Через много лет я прочёл о шведском учёном, который, исследуя умирающих, пришёл к выводу, что в теле человека присутствуют особого вида подкожные волокна. Учёный назвал их «волокнами любви», утверждая, что чем дольше эти волокна испытывают на себе ласку и чувство любви, тем дольше продлевается в человеке жизнь. Об этом моя мама догадалась задолго до открытия учёного шведа.
– Почему моего отца проглотила опухоль?
– Этого мы не знаем, – сказал хирург. – Возможно, причина есть, а возможно, что нет.
– И в чём вселенский смысл? – недоумевал я.
Хирург развёл руками.
– И смысла нет? – съёжился я. – Ни в чём – нет?
А потом настал час, и меня ввели в небольшую постройку при входе на кладбище. Человек в чёрной широкополой шляпе кивнул в сторону каталки и приподнял чёрное покрывало.
– Посмотри! – настаивал он. – Нужно опознать…
Я не мог смотреть и не мог не смотреть. Мой взгляд скользнул по белому, белее всякого белого, лицу. Это лицо моему отцу не принадлежало: не его нос – этот был острый, не его глаза – эти были стеклянные.
Я рассмеялся.
Человек испугался. Отбежав в сторону, он издали забормотал:
– Ты ещё посмотри… Нужно… Голову-то подними… Посмотри ещё…

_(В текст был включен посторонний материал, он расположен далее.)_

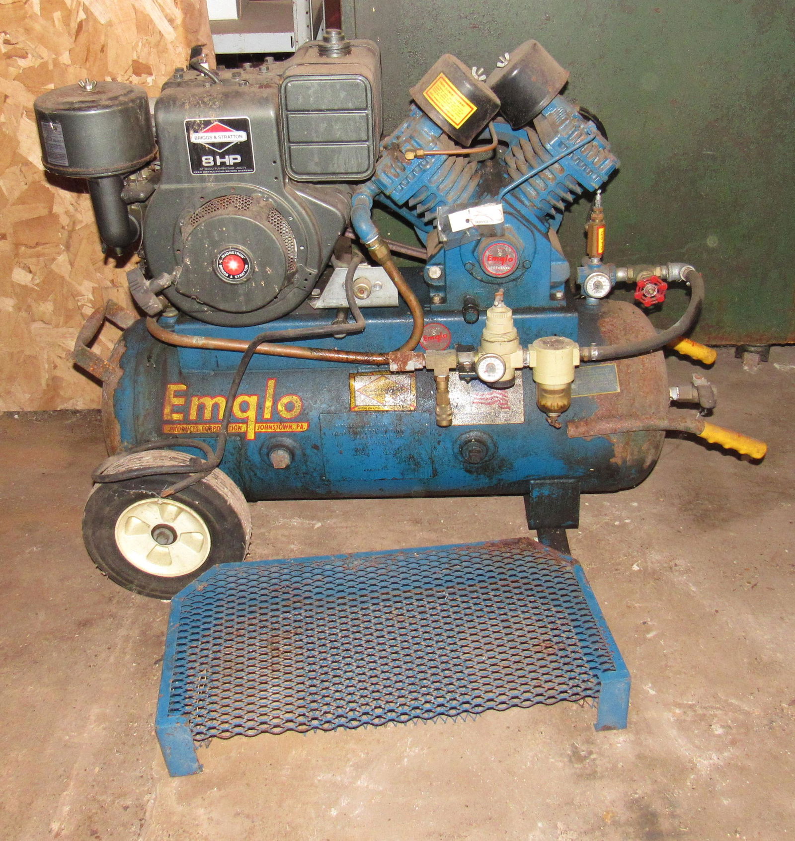 Emglo Air Compressor - Emglo Gas Engine Air Compressor, I have an older emglo am78 1.5hp twin stack compressor.. 04/15/19 3:45 pm et auction condition unknown now, does turn over with jump, tires do not hold air. The oil is a little gritty so i want to change it as well. You can really carry this anywhere to any job. We show our customers a few possible locations of the model number plate and how to. Lately it is having a hard time building up pressure and holding it.
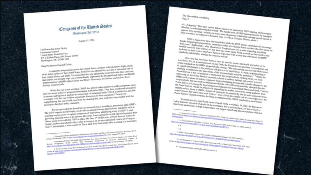 WASHINGTON – Today, Congressman Greg Casar (TX-35), U.S. House Committee on Oversight and Accountability Ranking Member Jamie Raskin (MD-08), Congresswoman Judy Chu (CA-28), and 74 other Members of Congress are calling on the United States Postal Service (USPS) to immediately implement the nation’s first-ever federal heat rule, recently proposed by the Occupational Safety and Health Administration (OSHA).
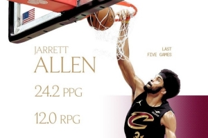 体育资讯2月13日讯 今日,骑士官方在社交媒体晒出了球队中锋贾勒特·阿伦过去5场比赛的数据。

Я представил себе, как через несколько минут каталку подвезут к яме, и я буду вынужден смотреть на то, как незнакомые мне люди, взяв в руки лопаты, примутся погружать сантиметр за сантиметром в другой мир, в другое жилище, в другую тишину то, что осталось от моего отца.
Рядом послышалось:
– Ну, что скажешь?
Я сказал:
– Отец, я сохраню…
Человек в чёрной шляпе замахал руками.
Я последовал за каталкой, силясь понять игру, которую ведёт с нами жизнь.
А потом…
Знакомые и незнакомые мне люди стали расходиться и, проходя мимо меня, клали на моё плечо ладони. Кто-то сказал: «Понять смерть можно, а вот жизнь…»Я взглянул на маму и подумал: «После того, как заглянешь в лица мёртвых, заглядывать в лица живых страшно быть не должно».
Потом —
мы с мамой остались стоять одни.
У наших ног —
свежий холмик земли.
Я подумал: «Жизнь и смерть пребывают рядом».
Мама закрыла руками лицо.
Мои глаза задержались на холмике земли. В голове пронеслось: «Черви вот-вот заползут, облепят…»

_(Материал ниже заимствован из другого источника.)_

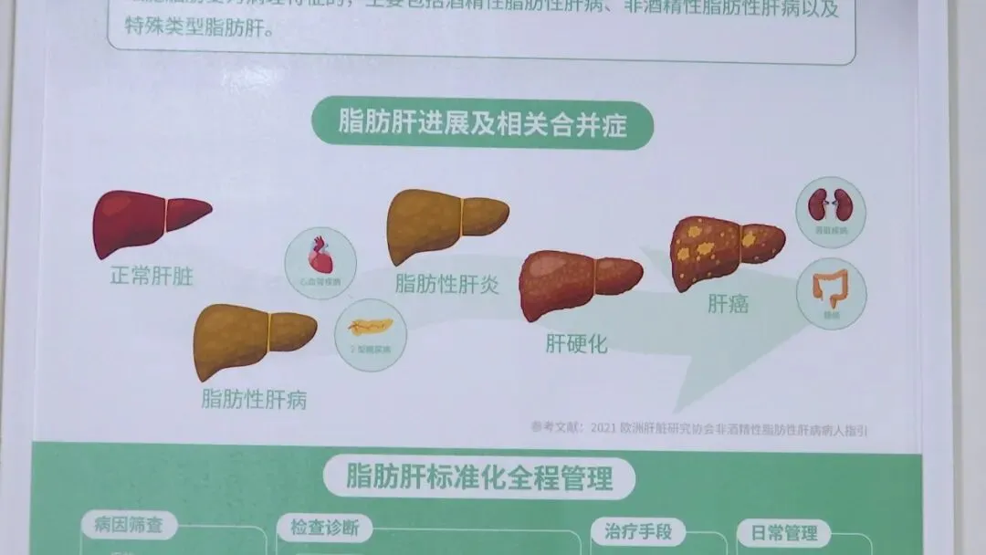 脂肪肝已成为我国最常见的慢性肝病,与肥胖、糖尿病、长期久坐不动等生活方式密切相关。南京市第二医院肝病科主任医师黄平表示,现在脂肪肝出现年轻化甚至于低龄化,一些儿童长期吃油炸食品、喝高糖饮料,在儿童期就可能造成脂肪肝了,而脂肪肝病程相对比较长,在年轻的时候可能是轻度或中度脂肪肝,不去管,那么经过10年、20年,到了中年以后,因为反复炎症的刺激,有可能一发现就是肝硬化。
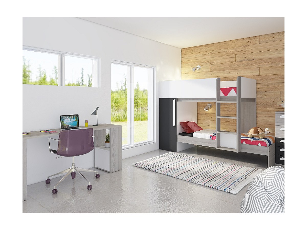 - Charge maximale supportée par les lits : 75 kg pour les lits superposés, 70 kg pour le lit tiroir
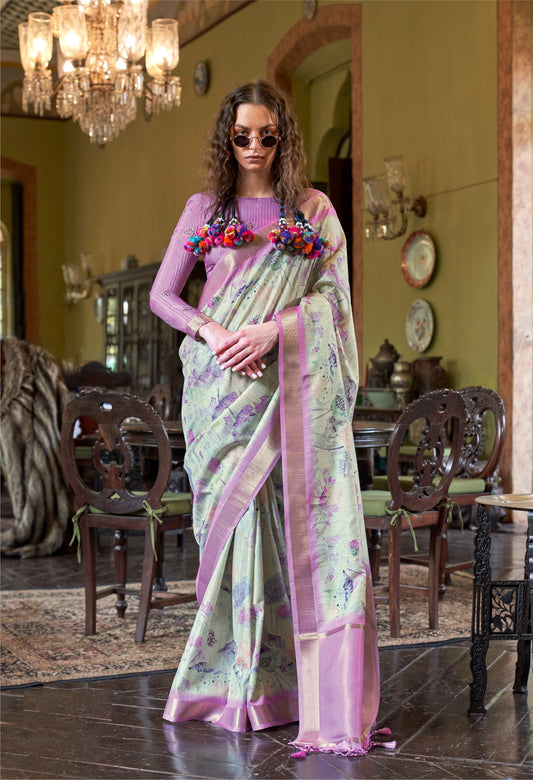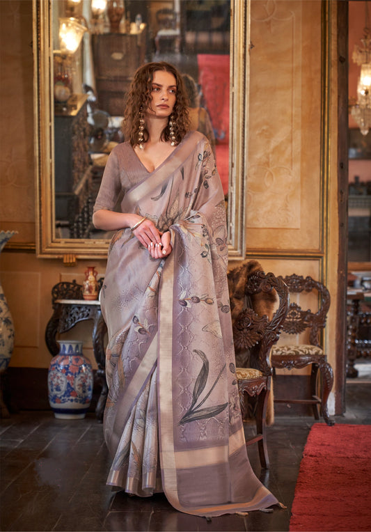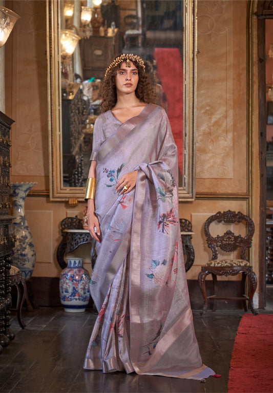 Dhiyona GR Women's Luxuria Lavender Banarasi Digital Soft Silk Saree

Дома мама опустилась в кресло возле окна. Голову мама слегка запрокинула; её лицо в проникающем с улицы вечернем свете было иссиня-бледным.

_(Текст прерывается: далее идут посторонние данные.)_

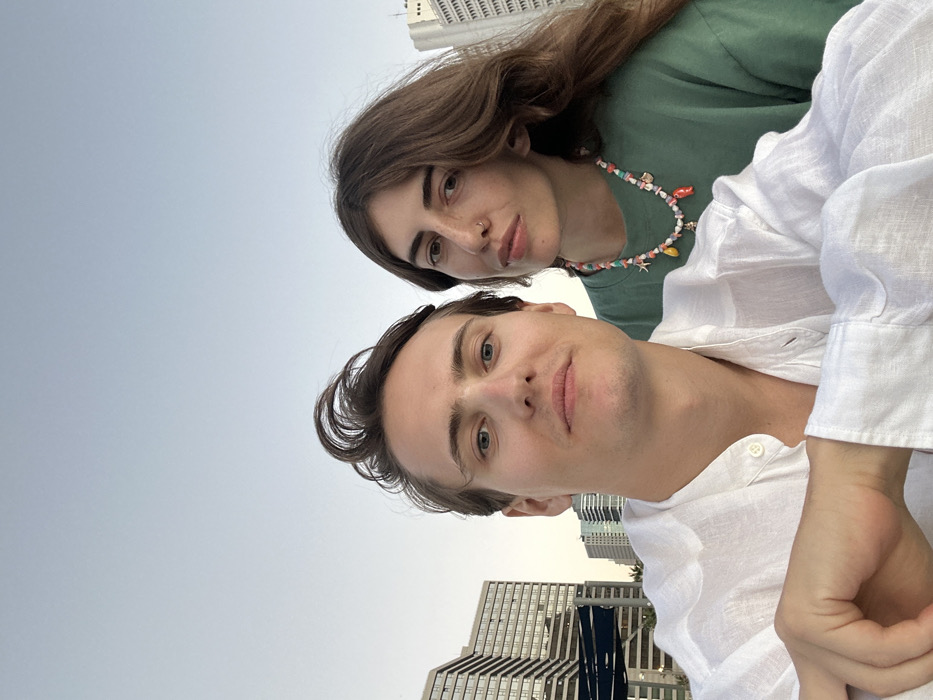A close-up portrait features two individuals positioned against a cityscape under a clear sky. In the foreground, a light-skinned male with short brown hair, styled upwards, and blue eyes wears a white linen-style collared shirt. He looks directly into the camera with a neutral expression. Behind him and to the right, a light-skinned female with long, wavy dark brown hair and brown eyes is present. She has a small silver nose ring on her left nostril and wears a dark green crew-neck top. A multicolored beaded necklace, adorned with various charms including a starfish and conch shells, is visible around her neck. Her gaze is directed slightly past the camera. The background consists of a clear, pale blue sky occupying the upper frame, with multiple modern high-rise buildings displaying reflective windows and light-colored facades. A dark-colored structure, possibly a canopy or part of an outdoor seating area, is partially visible on the left side of the frame, behind the male subject. The urban environment depicted is consistent with Tel Aviv, Israel.
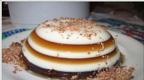 Порошок желатина залить холодной кипяченой водой и вымачивать до размягчения 30 мин. Затем приготовить молочное желе, для чего вскипятить молоко, добавить в него сахарный песок (1, 5 столовой ложки), дать вскипеть и, помешивая, растворить половину вымоченного и отжатого желатина. В охлажденные металлические формочки или стаканы налить приготовленное молочное желе слоем около 5 см, сильно охладить и, когда оно застынет, налить на него слой полужидкого ягодного желе, потом опять молочного и т. д. ягодное желе приготовить следующим образом. Из клюквы (или других ягод) отжать сок, процедить через салфетку или частое сито. Массу, полученную после отжима сока, отварить, прибавить сахарный песок (2, 5 столовой ложки), вскипятить, снять пену. Затем отвар процедить, прибавить половину замоченного и отжатого желатина, размешать, дать немного остыть и влить ягодный сок.

– Мама! – позвал я, но она не отозвалась. Её глаза, казалось, вытекли.
– Мама! – снова позвал я.
Мамины пальцы вцепились в подлокотники кресла. Я стал целовать её (мамины) руки, подумав: «Единственная моя!» И вспомнилась строка из русской песни – «другой не будет никогда».
– Мне предложили работу на почте, – проговорила мама и вновь замолчала.
Я хотел уткнуться лицом в мамины колени и говорить, говорить, говорить об отце. Но мама вдруг поднялась из кресла и, торопливым движением поправив чуть сбившийся воротничок тёмной блузки, направилась к себе в комнату. Меня поразила удивительно ровная, твёрдая походка.